Menteri Keuangan (Menkeu) Purbaya Yudhi Sadewa mengkritik proyeksi pertumbuhan ekonomi Indonesia yang dirilis Bank Dunia sebesar 4,7 persen. Ia menilai perhitungan tersebut tidak akurat dan berpotensi memicu sentimen negatif terhadap perekonomian nasional.

Dikutip dari tayangan Newsline Bisnis Metro TV, Jum'at 10 April 2026, Purbaya menegaskan bahwa kinerja ekonomi Indonesia masih menunjukkan kondisi yang kuat pada kuartal pertama 2026.

Menurutnya, pertumbuhan ekonomi nasional bahkan berpotensi mencapai di atas 5,6 persen. Lebih optimistis dibandingkan proyeksi yang dirilis Bank Dunia, yaitu 4,7 persen.

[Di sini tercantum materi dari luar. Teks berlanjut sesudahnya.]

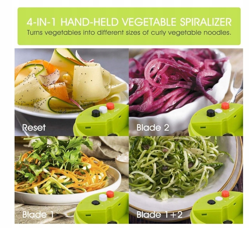 Замініть звичайні овочі привабливими, здоровими стравами завдяки цьому зручному спіралізатору 4in1! Ідеально підходить для приготування овочевих макаронних виробів, салатів або прикрас для страв.
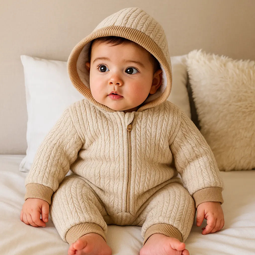 Избирайки "Rainy Бебешки плетен гащеризон", вие инвестирате не само в качеството и удобството на вашето дете, но и в стилна и практична дреха, която може да се носи както навън, така и у дома. Подарете на вашето бебе топлината, от която се нуждае, и стил, който заслужава!

Pemerintah, lanjut Purbaya, tetap fokus menjaga fundamental ekonomi melalui berbagai langkah strategis. Termasuk menjaga stabilitas sistem keuangan serta memperbaiki iklim investasi.

Ia juga menilai proyeksi Bank Dunia kemungkinan dipengaruhi oleh asumsi tingginya harga minyak mentah global. Menurutnya, faktor tersebut bersifat dinamis dan dapat berubah seiring perkembangan kondisi ekonomi dunia.


Sebagai informasi, dalam laporan East Asia and Pacific Economic Update edisi April 2026, Bank Dunia menurunkan proyeksi pertumbuhan ekonomi Indonesia menjadi 4,7 persen pada 2026, lebih rendah dibandingkan proyeksi Oktober 2025 sebesar 4,8 persen.

Bank Dunia menyebut perlambatan tersebut dipengaruhi tekanan eksternal, terutama kenaikan harga minyak global serta meningkatnya sentimen kehati-hatian investor di pasar keuangan internasional (risk-off sentiment).

Meski demikian, lembaga tersebut menilai dampak tekanan sebagian dapat diimbangi oleh pendapatan dari sektor komoditas dan berbagai inisiatif investasi yang didorong pemerintah.

Selain itu, Indonesia dinilai masih memiliki penyangga ekonomi, termasuk dari ekspor komoditas, yang dapat membantu meredam dampak kenaikan biaya energi dalam jangka pendek.